Bu kaosun başlangıcı 2018 Kasım ayındaki İsrail’in Gazze’ye yönelik hava saldırılarına yapılan misillemeydi. Hamas bir gecede 300’den fazla roketi ateşleyince İsrail’de yer yerinden oynamış, “şu Gazze derdini bir türlü çözemedin” diye Netanyahu’ya yüklenilmiş, Liberman’ın istifasıyla koalisyon çatlamış ve erken seçim süreci başlamıştı.
İsrail, sözde barış planında direnişi bitirme hesabı yapıyor.
Bu sayede Kudüs davası, Filistin davası tarihe gömülmüş olacak.
Bugüne kadar hep İsrail’in Filistin topraklarındaki işgalini konuşurken artık işgal falan kalmayacak, İsrail’in yasallığı resmen kabul edilmiş olacak.

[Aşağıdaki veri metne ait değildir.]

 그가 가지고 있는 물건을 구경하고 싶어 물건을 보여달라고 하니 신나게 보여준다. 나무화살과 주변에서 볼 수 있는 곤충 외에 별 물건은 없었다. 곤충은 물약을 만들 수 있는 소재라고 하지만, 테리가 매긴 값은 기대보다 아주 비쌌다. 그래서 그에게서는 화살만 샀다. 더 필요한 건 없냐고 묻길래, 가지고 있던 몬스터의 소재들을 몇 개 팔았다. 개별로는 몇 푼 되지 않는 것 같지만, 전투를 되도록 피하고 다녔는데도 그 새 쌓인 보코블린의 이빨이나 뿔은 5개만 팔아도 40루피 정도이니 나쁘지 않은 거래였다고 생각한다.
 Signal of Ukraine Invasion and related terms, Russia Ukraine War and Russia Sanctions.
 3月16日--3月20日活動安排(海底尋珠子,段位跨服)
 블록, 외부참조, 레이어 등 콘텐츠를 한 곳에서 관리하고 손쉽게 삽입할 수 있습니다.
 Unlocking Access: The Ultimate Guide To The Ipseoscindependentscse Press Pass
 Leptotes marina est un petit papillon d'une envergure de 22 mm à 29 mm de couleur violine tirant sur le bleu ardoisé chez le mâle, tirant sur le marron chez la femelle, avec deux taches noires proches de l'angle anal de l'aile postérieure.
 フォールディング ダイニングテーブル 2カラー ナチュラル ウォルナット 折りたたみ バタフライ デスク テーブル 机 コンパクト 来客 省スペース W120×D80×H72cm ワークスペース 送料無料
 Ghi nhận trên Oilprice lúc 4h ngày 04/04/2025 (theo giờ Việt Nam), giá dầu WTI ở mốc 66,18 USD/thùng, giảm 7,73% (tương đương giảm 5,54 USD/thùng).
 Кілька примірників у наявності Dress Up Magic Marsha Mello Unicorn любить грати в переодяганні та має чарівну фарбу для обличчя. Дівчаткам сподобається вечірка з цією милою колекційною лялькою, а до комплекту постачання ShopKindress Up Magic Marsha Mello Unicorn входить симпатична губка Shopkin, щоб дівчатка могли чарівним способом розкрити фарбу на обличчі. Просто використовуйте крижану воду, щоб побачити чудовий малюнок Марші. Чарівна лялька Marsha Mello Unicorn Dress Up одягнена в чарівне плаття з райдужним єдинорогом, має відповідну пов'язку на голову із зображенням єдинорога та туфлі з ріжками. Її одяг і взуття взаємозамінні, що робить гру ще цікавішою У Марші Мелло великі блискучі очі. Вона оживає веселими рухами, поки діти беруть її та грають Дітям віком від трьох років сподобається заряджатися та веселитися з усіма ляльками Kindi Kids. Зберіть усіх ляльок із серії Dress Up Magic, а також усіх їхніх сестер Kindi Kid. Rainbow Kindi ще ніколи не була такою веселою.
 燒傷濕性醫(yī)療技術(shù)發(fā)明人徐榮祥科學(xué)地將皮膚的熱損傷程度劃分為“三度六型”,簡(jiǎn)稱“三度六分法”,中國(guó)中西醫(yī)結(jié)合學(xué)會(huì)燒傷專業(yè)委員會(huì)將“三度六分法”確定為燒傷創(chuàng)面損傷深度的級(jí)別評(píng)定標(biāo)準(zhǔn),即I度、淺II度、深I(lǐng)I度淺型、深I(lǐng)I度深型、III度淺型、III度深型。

Elbette bu şu an için olacak bir şey değil.
Filistinliler planı reddediyor, reddetmeye devam edecekler.
Peki o zaman ne olacak?
Trump’ın 3 yıldır hazırlık yaptığı, ilmik ilmik işlediği süreç çöpe mi atılacak?
Evet demeyi çok arzu ederdik ama maalesef hayır.
İsrail dünyanın gözü önünde öyle ya da böyle bir barış teklifini ortaya koydu.
Reddedilmesi halinde “ben barış istedim onlar kabul etmedi, benden günah gitti” diyerek, işgal politikalarını olduğu gibi devam ettirecek.
Tabi bunları, uluslararası kamuoyunu susturmak için sahte de olsa bir barış belgesini cebine koymuş olmanın rahatlığıyla yapacak.
Özetle öyle de işgal böyle de işgal.
Bunun tek çözümü var.
Bir kısmı Filistinlilerin ellerinde. Onlar direnecekler.
Ama yetmez.
Asıl olan Türkiye gibi cesaret ortaya koyan ülkelerin sayısının artması.
Ancak o şartla İsrail’e geri adım attırabilir.
Trump’la Netanyahu kafa kafaya verip böyle kararlar alabiliyorlarsa bu BAE, Mısır, Suudi Arabistan gibi ülkelerin desteğiyle olabiliyor.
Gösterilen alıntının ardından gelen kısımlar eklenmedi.